D&C 20 is often referred to as the Constitution of the Church, and, like any constitution, it can be treated as a reference manual for its instructions to members and officers from verses 37 through 84 rather than for the doctrinal underpinnings it offers in its early verses.
Its early verses contains the earliest published retelling of the First Vision and Moroni visits, albeit in summarized and oblique form, and then walks the audience of 6 charter members and 30-some other attendees through a concise doctrinal tour de force dismantling several points of doctrinal disagreement among Christians.
Two quick notes before we do the analysis:
1. This borrows substantially from Jared Halverson's Unshaken Saints podcast on this topic.
2. Before thinking through a theological disagreement, it serves to remind ourselves that people are not institutions, and creeds are not fellow humans. While it's important to engage ideas deeply, it's often completely inappropriate and counter to the Spirit's manner of persuasion to attempt to defeat a holder of beliefs contrary to ours in some sort of competition or debate. The person who holds the beliefs deserves love and respect. They deserve for their beliefs to be honored for all the good they do, and for their person to expect invitations to add truth to them, not challenges that undermine them. I'm not always as adept as I would wish at separating these two functions--the ideas attract me and call for direct intellectual engagement as ideas without me always choosing the most gentle or most apt strategic path to persuasion on the interpersonal level. I begrudge no one their beliefs, and wish to persecute no one for differences of belief. And I claim the privilege also of worshiping God as my own conscience dictates, allowing all my interlocutors the same privilege. What I offer below is sharing, even when sometimes sharp, and I honestly hope any of my Presbyterian friends and family will take honest criticism in the spirit of brotherhood and desire for them to open, rather than close their minds to the more correct ideas I'm presenting.
Since the early 1500s, the French priest Jean Calvin has had an important influence on Protestant theology. Presbyterians principally, but also Episcopalians, Baptists, Anglicans and Methodists of some stripes either conform to some of his distinct "reform" theology, or have to reckon with it in delineating their distinction from it, as do Lutherans and Arminian theologians.
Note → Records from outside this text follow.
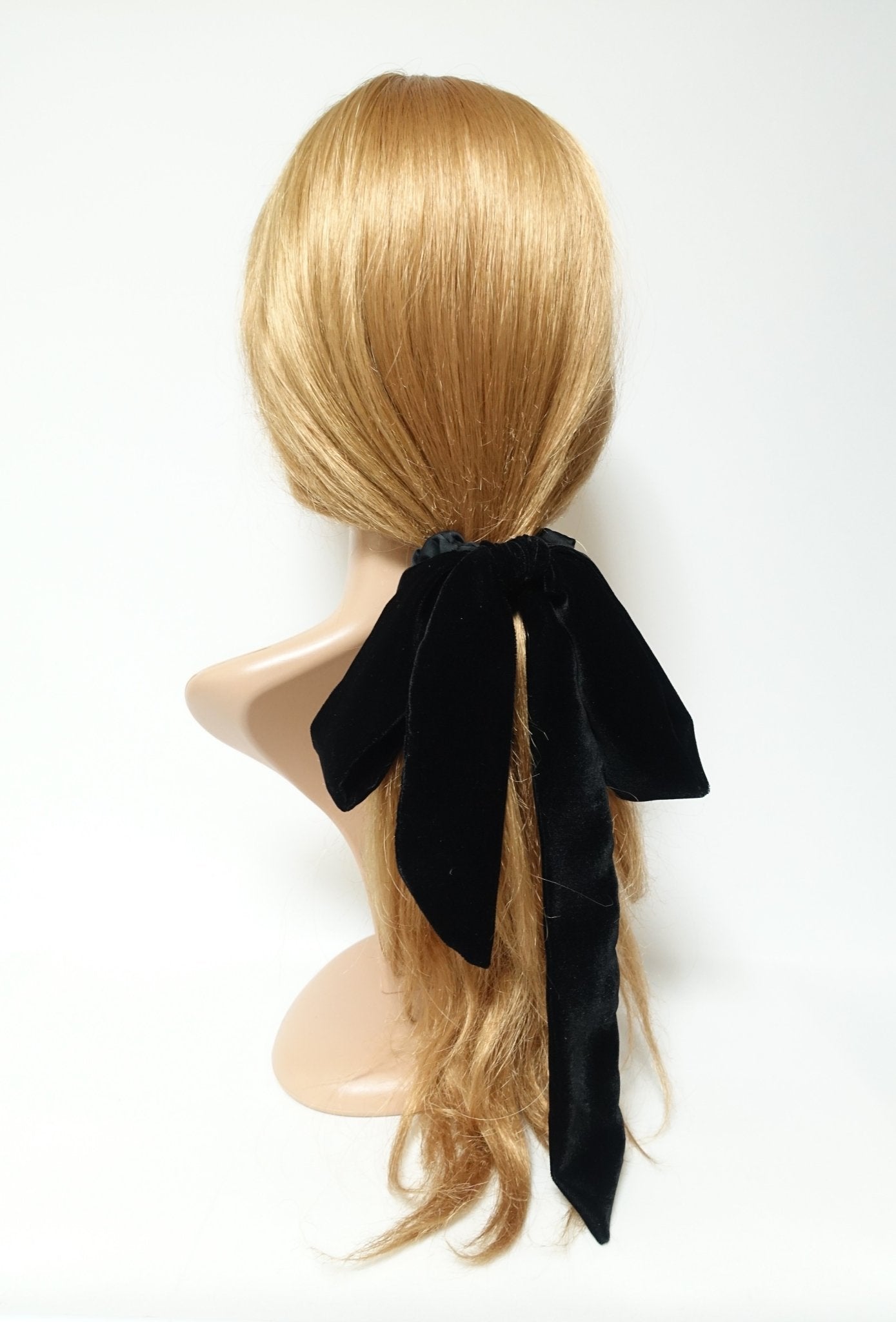 Silk Velvet Bow Scrunchie: Long Strap Satin Hair Tie
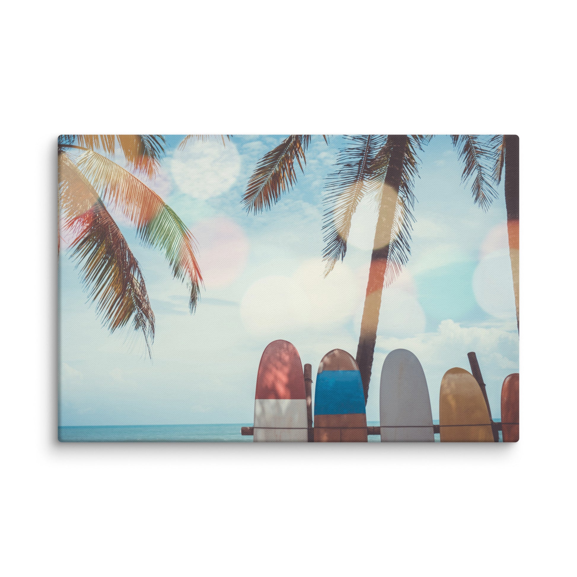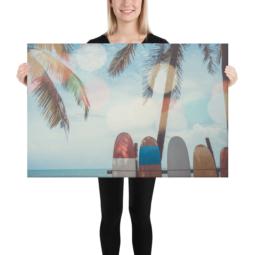 About these beach canvases: Imagine this the gentle caress of warm sand between your toes, the invigorating tang of salt spray on your skin. Close your eyes and picture the scene - surfboards languidly propped against swaying palm trees, the endless expanse of the ocean shimmering a mesmerizing turquoise under a cloudless sky. This isn't just a daydream, it's the embodiment of your perfect escape. Here, amidst the tranquility of the ocean breeze, your worries dissolve like grains of sand slipping through your fingers. The rhythmic crash of the waves becomes the soundtrack to your life, a constant reminder of the peace and rejuvenation that awaits you. Bask in that feeling everyday with this canvas wall art print.
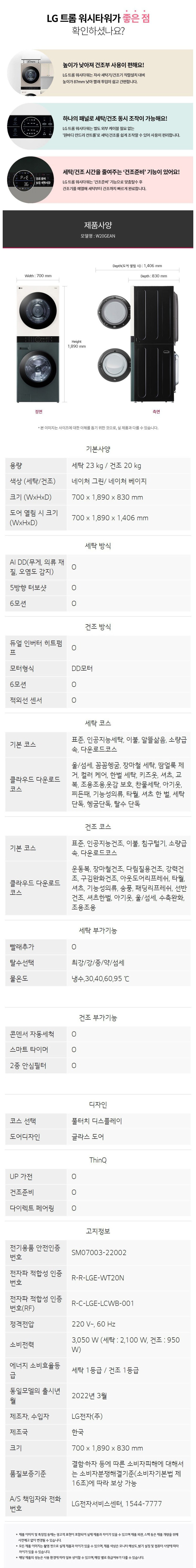[주간특가] (1등급) LG전자 트롬 오브제컬렉션 워시타워 세탁기 23kg + 건조기 20kg
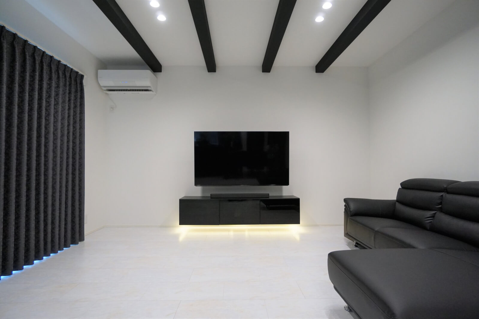 フロートタイプのテレビボードの下には、DIYで取り付けられた『間接照明』
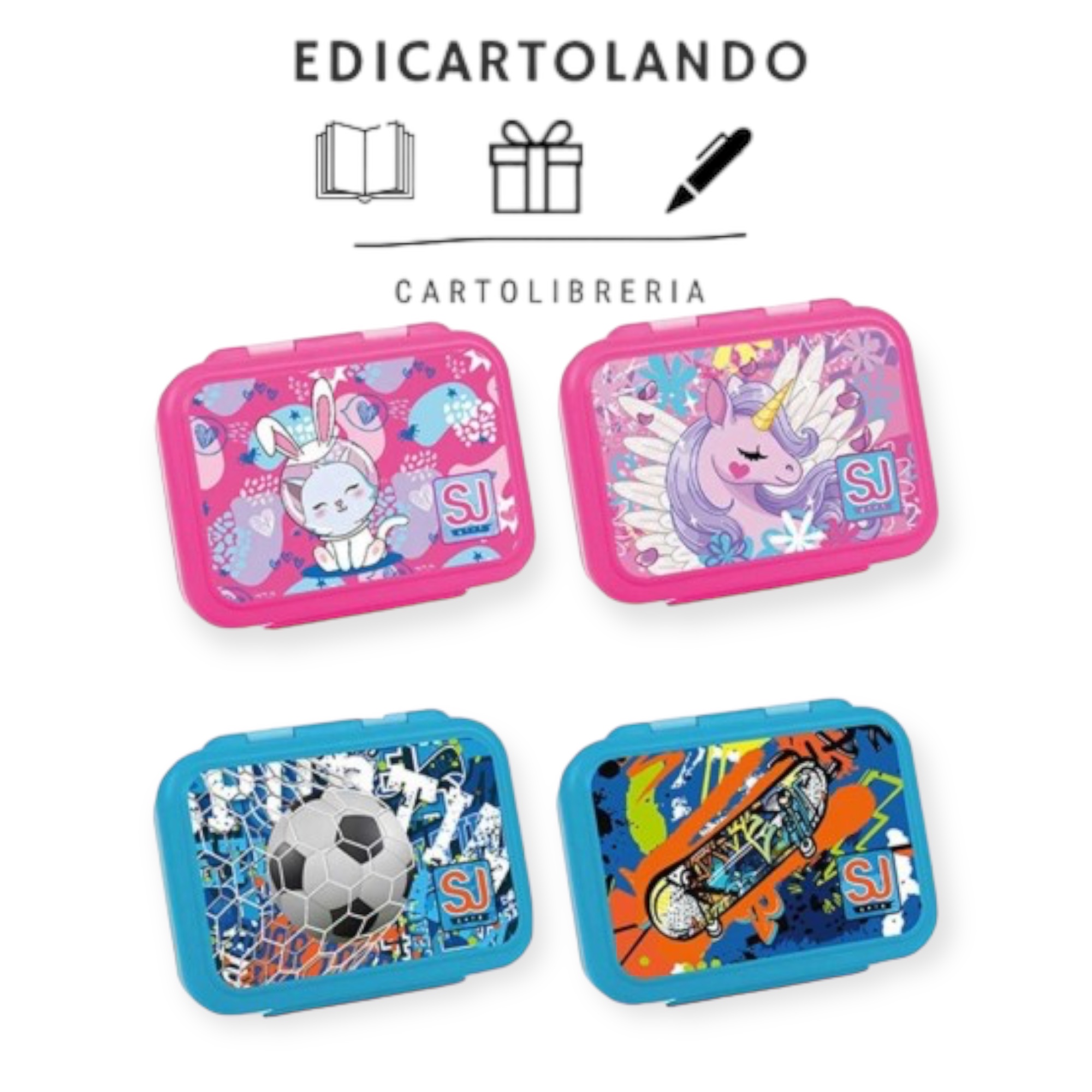 Contenitore porta merenda realizzato in bioplastica e acciaio inox adatto per il contatto con gli alimenti.
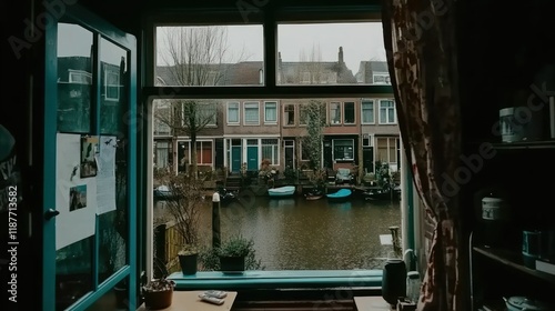 Serene Canal View from a Cozy Home Interior with Charming Decor
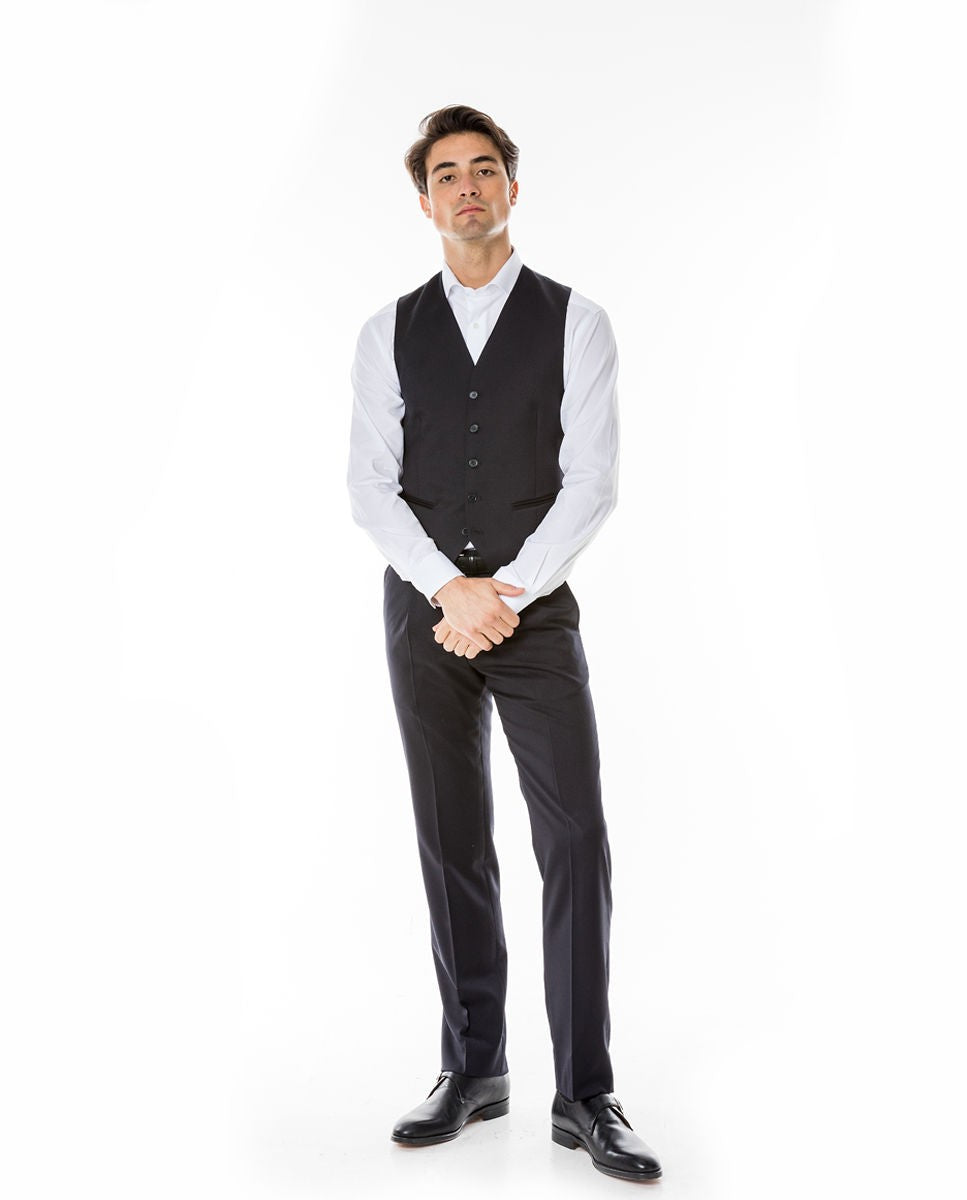 Colete 100% Lã Liso em Azul Escuro
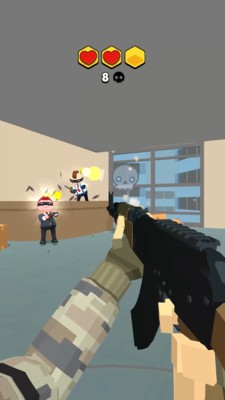 1、3D射击对战手游,有着简单和困难两种难度可以挑战,玩家可以使用手枪、步枪、狙击等武器战斗,
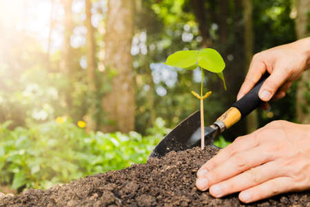 gardening work, planting a tree with gardening tools, caring for the environment, day time
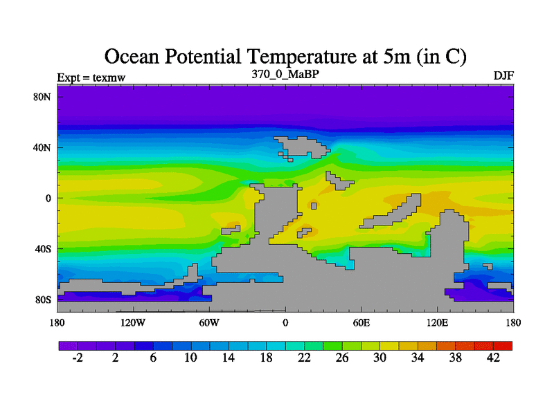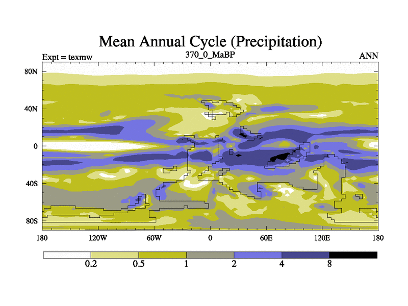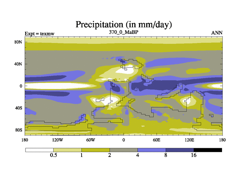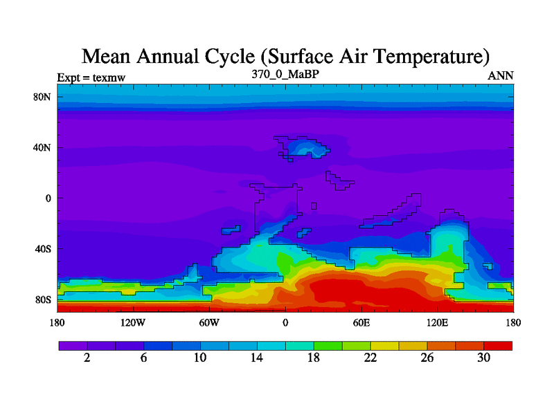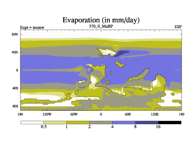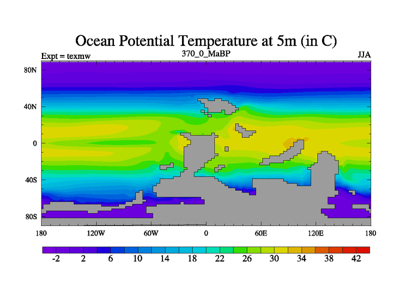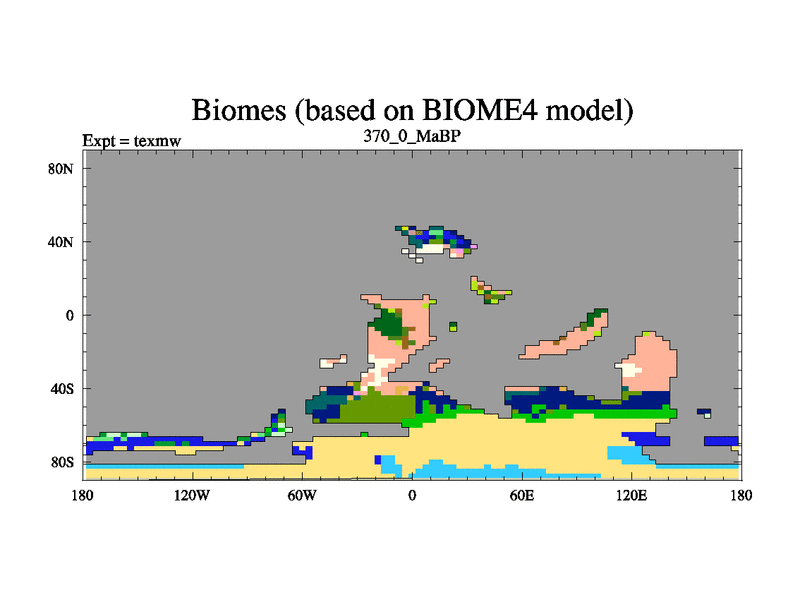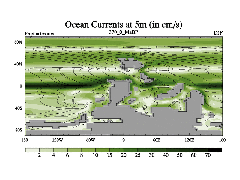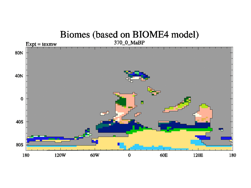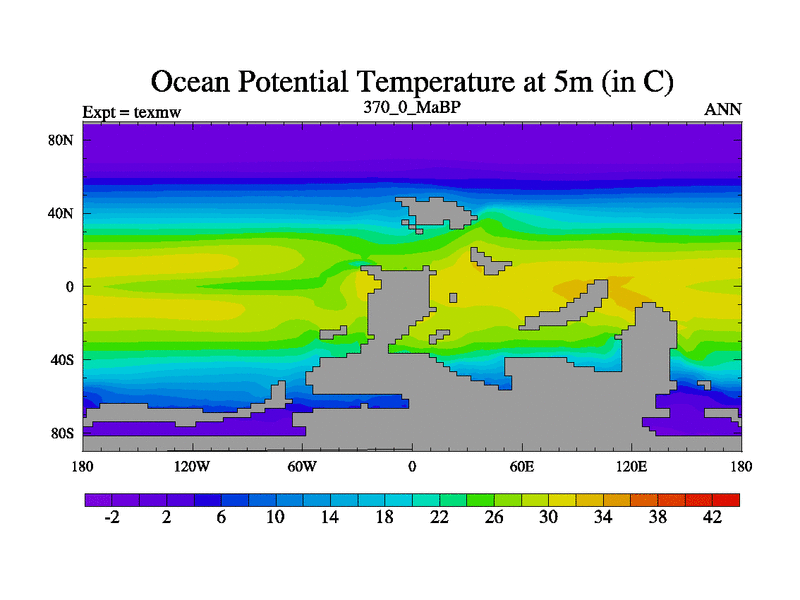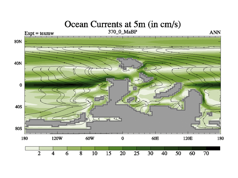 This is the 370.0 Ma simulation using the Scotese palaeogeographies. High output extension of the 5000 year spinup.

His "five points" of soteriology were in ascendancy in the western frontier of the United States such as it was in Joseph Smith's day (meaning upstate New York, Pennsylvania, Ohio, and points south, but barely more western). So the following doctrine, received in this section as the text of a revelation, but which is also a distillation of the Book of Mormon's "fullness of the Gospel," must have created a new space for a return to the Biblical text on which Calvin's five points purport to be drawn--a new point of comparison, a new perspective from which to judge the truth.
Summarized in the acrostic TULIP, these five point find counterpoints in Smith's 1830 revelation.
T for total depravity.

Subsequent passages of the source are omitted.